__EXERCISE REQUIREMENTS__: All lines in the records below from the line with "Zespół Szkół Techniczno-Elektronicznych" through the line with "A bicicleta aro" are to be given again exactly, both ends included; the pictures are to be left out.

__TASK MATERIAL__:
· · ·

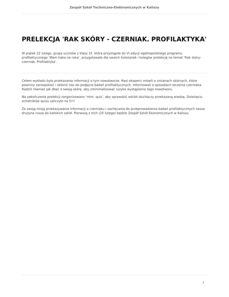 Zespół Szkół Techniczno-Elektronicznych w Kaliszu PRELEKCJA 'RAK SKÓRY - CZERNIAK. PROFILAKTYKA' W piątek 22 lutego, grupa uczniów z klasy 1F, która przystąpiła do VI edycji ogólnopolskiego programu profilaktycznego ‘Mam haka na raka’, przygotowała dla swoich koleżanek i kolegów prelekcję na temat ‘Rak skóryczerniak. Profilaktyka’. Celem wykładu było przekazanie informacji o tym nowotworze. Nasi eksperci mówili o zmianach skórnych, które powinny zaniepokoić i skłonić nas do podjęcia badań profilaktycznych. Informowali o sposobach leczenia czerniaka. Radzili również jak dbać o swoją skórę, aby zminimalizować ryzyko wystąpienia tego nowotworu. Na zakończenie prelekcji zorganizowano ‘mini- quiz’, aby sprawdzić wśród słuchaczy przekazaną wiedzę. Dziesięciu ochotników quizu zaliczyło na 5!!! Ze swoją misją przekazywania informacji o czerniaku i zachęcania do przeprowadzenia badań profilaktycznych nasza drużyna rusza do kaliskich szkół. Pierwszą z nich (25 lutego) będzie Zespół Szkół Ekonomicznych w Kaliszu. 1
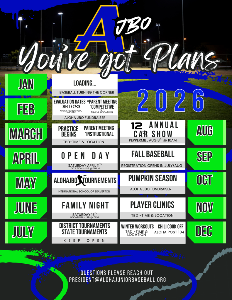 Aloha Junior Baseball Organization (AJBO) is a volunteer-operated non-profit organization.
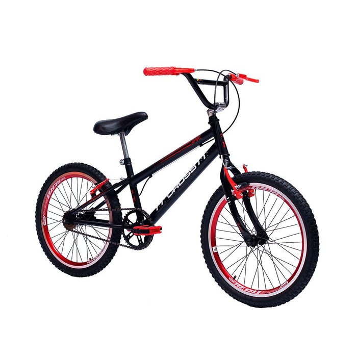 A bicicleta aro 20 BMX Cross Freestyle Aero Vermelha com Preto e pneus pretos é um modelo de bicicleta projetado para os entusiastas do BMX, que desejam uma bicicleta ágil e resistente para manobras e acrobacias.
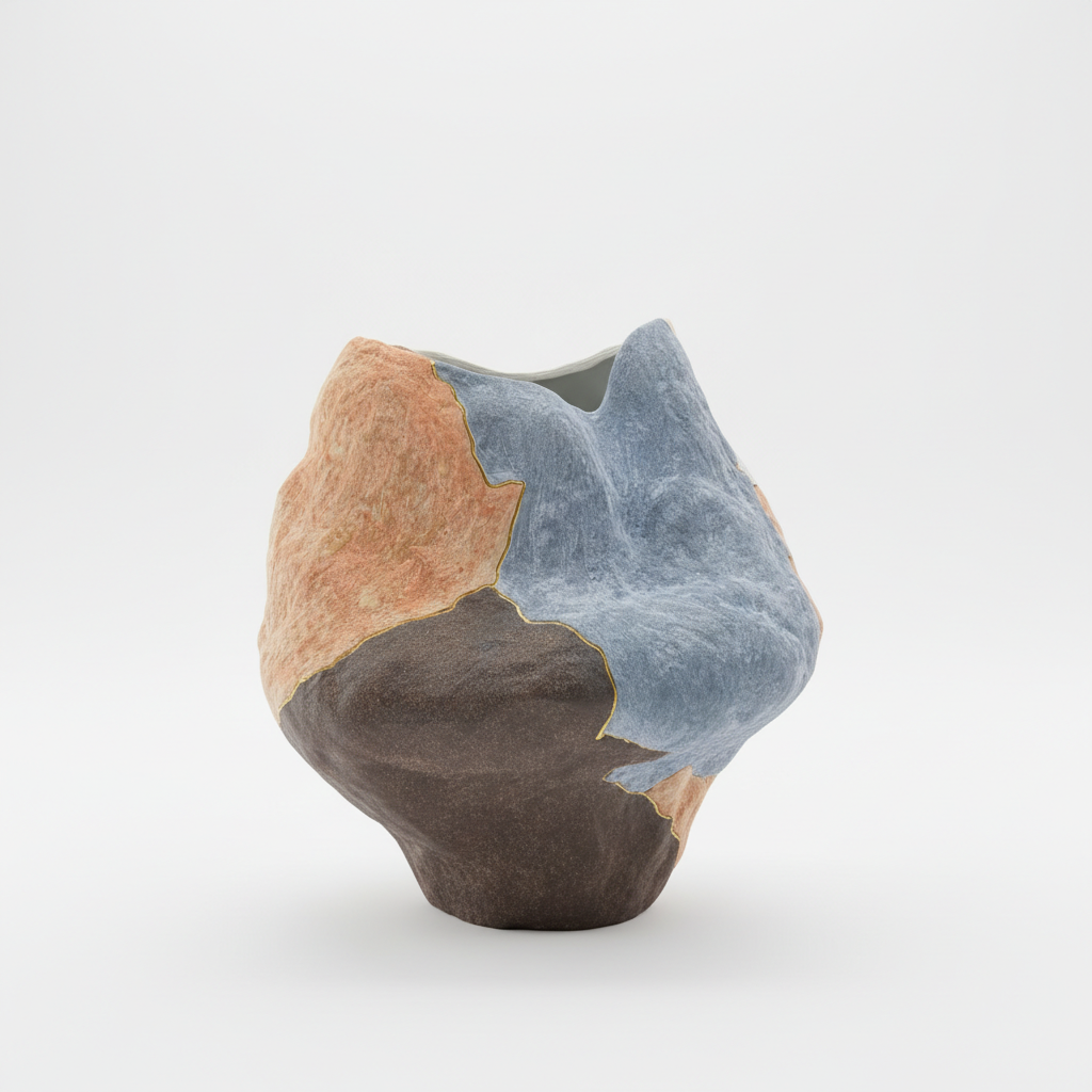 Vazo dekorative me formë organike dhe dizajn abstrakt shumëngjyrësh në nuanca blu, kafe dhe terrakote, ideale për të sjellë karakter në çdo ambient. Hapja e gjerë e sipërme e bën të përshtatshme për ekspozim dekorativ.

· · ·

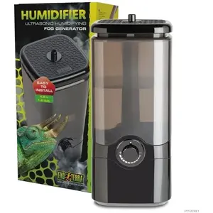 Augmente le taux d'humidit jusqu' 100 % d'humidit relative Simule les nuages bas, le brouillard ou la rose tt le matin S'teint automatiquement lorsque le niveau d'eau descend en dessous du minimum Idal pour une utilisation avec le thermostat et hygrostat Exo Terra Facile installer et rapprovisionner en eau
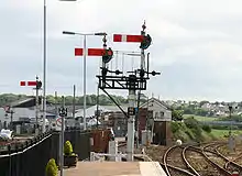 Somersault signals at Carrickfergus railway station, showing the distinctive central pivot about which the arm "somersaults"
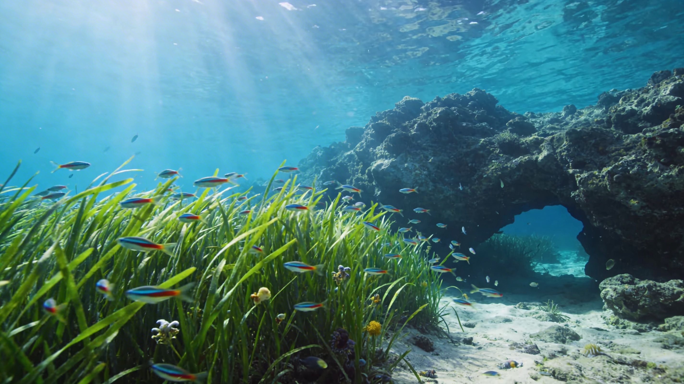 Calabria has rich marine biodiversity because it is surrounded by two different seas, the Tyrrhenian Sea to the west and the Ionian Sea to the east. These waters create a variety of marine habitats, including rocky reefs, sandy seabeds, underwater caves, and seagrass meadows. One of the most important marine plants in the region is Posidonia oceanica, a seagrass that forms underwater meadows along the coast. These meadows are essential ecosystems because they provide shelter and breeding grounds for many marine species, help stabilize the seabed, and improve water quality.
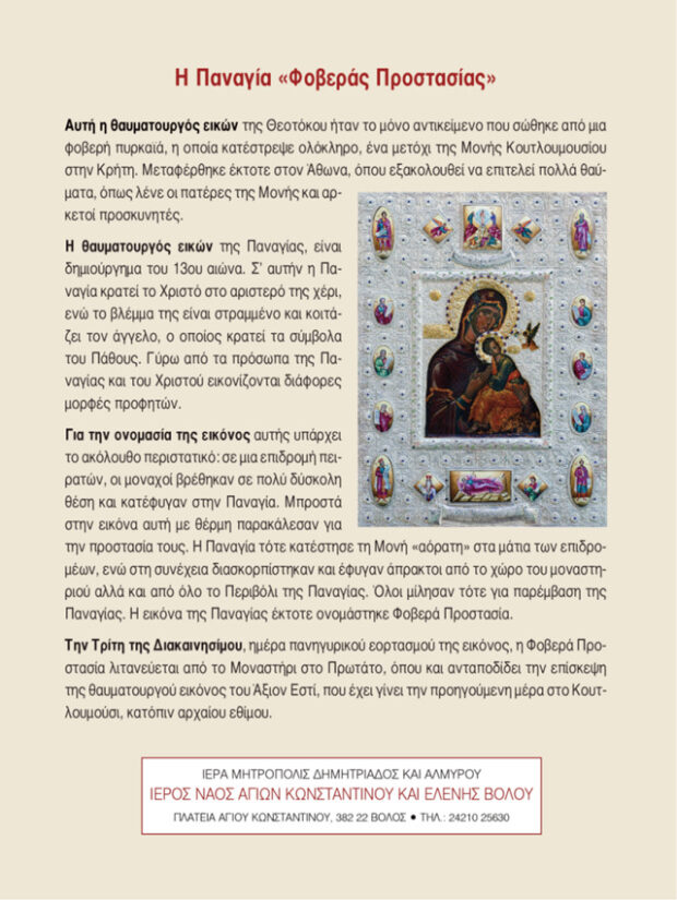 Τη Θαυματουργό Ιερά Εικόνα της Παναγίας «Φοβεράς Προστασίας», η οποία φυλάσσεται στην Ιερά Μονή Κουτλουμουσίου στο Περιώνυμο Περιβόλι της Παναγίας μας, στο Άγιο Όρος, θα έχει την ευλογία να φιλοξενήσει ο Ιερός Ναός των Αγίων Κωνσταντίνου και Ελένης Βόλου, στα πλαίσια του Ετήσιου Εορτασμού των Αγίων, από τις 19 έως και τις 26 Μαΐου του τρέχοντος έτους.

· · ·

__SOLUTION TO THIS PROBLEM__:
 Zespół Szkół Techniczno-Elektronicznych w Kaliszu PRELEKCJA 'RAK SKÓRY - CZERNIAK. PROFILAKTYKA' W piątek 22 lutego, grupa uczniów z klasy 1F, która przystąpiła do VI edycji ogólnopolskiego programu profilaktycznego ‘Mam haka na raka’, przygotowała dla swoich koleżanek i kolegów prelekcję na temat ‘Rak skóryczerniak. Profilaktyka’. Celem wykładu było przekazanie informacji o tym nowotworze. Nasi eksperci mówili o zmianach skórnych, które powinny zaniepokoić i skłonić nas do podjęcia badań profilaktycznych. Informowali o sposobach leczenia czerniaka. Radzili również jak dbać o swoją skórę, aby zminimalizować ryzyko wystąpienia tego nowotworu. Na zakończenie prelekcji zorganizowano ‘mini- quiz’, aby sprawdzić wśród słuchaczy przekazaną wiedzę. Dziesięciu ochotników quizu zaliczyło na 5!!! Ze swoją misją przekazywania informacji o czerniaku i zachęcania do przeprowadzenia badań profilaktycznych nasza drużyna rusza do kaliskich szkół. Pierwszą z nich (25 lutego) będzie Zespół Szkół Ekonomicznych w Kaliszu. 1
 Aloha Junior Baseball Organization (AJBO) is a volunteer-operated non-profit organization.
 A bicicleta aro 20 BMX Cross Freestyle Aero Vermelha com Preto e pneus pretos é um modelo de bicicleta projetado para os entusiastas do BMX, que desejam uma bicicleta ágil e resistente para manobras e acrobacias.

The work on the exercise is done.